Secondly, don’t doubt your feelings and thoughts when it comes to your body just because a medical professional tells you you are incorrect or because status quo states otherwise.  You and your body are one; you’re on the same team.  Set yourself up with confidence in your life and you will always feel like you are winning.

Boston Today

While this post has nothing to do with diabetes or nutrition I couldn’t help but write about an observation of mine regarding the events that took place in Boston today.

First, I just can’t understand how any decent human being can attempt to hurt another in any capacity.  Its just sick.  It’s unconscionable. Sadly there are those who do things like this.  They were not hugged enough as children.  That’s no joke.  I am a mom and I take that seriously.

Secondly, I’m quite surprised at how many graphic photos are floating around.  Growing up (in America) I don’t remember seeing pictures of this nature, either in the newspaper or on the news.  When I see gore in a movie for example I get extremely squeamish.  But I think this is partly because I haven’t been accustomed to seeing it all my life.  It seems that these graphic photos of the aftermath are what people want to see.  You can do a search for “graphic boston photos” and they will show up.  It signals to me that people want to see the truth, as ugly and horrifying as it is, we want to know and understand the reality.  Perhaps knowing this reality will ignite something in us.  To stand up for ourselves and/or make a change.  To say “this isn’t right.”

It hurts my heart to think that these people’s lives have been turned upside, unknowingly by the will of some evil person(s).  I hope those affected can push forward and show the sick people who did this that the human spirit is far greater than what they did today.

Sweat is Good

Sometimes I think to myself how far I’ve come to learn about my body in the past year.  There was a lot I didn’t know about it.  I feel like the body I knew for 28 years is not the same one I know now.  As I continue to research and read about physiology of the body (for personal interest, I am not a doctor), I come across new ideas about my body.  For example,  when I look back to when I was younger, I rarely sweat growing up.  I’d like to say I was very active but I don’t remember drenching t-shirts ever.  I was actually glad about this.  No nasty sweat stains for me!  Some will say that certain people genetically sweat more or less than others.  I used to think this was the case.  But now I don’t think that’s entirely true, at least for myself.
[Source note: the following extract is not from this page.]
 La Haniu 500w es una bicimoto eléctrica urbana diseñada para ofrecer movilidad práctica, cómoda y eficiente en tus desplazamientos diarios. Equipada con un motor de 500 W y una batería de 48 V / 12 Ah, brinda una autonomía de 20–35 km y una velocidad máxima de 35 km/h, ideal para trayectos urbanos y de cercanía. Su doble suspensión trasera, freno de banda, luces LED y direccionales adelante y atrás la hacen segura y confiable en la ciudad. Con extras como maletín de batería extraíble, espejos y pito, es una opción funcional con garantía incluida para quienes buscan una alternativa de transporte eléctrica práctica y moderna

I’ve been bad the past few months: eating more carbs than I probably would like to and hardly exercising. Maybe because it has been winter? Anyway, last week I started walking on my treadmill again when the kids go to bed or I’ll ask hubs to give me 30 minutes time while he plays with them.  I walk just enough to get me sweating, (the incline setting helps), and I am in awe that my body is doing this.  My whole life it has been difficult to sweat and now I can get a nice sweat going after a good walk on the treadmill???? What gives right?  OK so maybe a portion of it is genetics, I’m still not sweating buckets but there has been a change.  I really think that the fact I wasn’t sweating previously was an indication something wasn’t right.  I now know it had something to do with my diabetes.
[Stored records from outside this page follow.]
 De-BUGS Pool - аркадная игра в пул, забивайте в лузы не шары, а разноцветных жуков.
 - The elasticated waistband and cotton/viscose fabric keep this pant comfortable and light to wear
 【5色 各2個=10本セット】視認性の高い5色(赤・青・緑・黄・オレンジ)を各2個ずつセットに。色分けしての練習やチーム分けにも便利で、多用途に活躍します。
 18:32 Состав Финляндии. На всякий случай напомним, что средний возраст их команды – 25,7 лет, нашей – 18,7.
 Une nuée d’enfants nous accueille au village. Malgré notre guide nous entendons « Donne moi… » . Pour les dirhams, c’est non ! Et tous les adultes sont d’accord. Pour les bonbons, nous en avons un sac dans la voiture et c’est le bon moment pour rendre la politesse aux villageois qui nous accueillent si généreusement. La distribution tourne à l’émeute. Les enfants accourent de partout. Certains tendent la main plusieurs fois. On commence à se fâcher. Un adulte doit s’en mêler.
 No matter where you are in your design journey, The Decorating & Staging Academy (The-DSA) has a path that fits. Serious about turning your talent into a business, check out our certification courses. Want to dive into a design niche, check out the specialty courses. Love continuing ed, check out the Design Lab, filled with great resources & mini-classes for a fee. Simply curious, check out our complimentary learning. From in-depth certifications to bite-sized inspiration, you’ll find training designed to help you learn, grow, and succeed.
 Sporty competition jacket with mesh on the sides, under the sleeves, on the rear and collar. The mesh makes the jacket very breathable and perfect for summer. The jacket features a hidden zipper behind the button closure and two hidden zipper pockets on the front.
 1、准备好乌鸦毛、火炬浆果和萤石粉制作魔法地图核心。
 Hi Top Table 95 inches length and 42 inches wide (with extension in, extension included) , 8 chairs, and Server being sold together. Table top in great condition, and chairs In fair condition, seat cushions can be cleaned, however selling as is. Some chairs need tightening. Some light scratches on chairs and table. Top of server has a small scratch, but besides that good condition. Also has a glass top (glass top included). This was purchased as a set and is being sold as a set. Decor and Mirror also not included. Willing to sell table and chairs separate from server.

I am sure my inability to produce enough insulin at all times just sucked the life out of me, literally.  I’ve never been one to drink a lot of water either so inability to produce adequate insulin together with low water consumption equals serious dehydration.  I am pretty sure I was consistently dehydrated.  No wonder why I always had dry skin and never sweat!  When I found out I was diabetic the urgent care I went to put me on an IV.  They told me it would take about an hour to drain the bag.  Ummmm 30 minutes later that baby was empty!

Most people think of sweat and say “Ewww gross!” But for me it is so reassuring to feel beads of sweat running.  It tells me that my body is functioning differently than it used to and that’s a good thing.  Insulin, eating low carb and drinking 3-4 liters of water a day (I literally carry my liter water bottle everywhere I go, ask my husband) help me stay hydrated.  Can anyone diagnosed as diabetic later in life relate to my experience with sweating?  If so please share!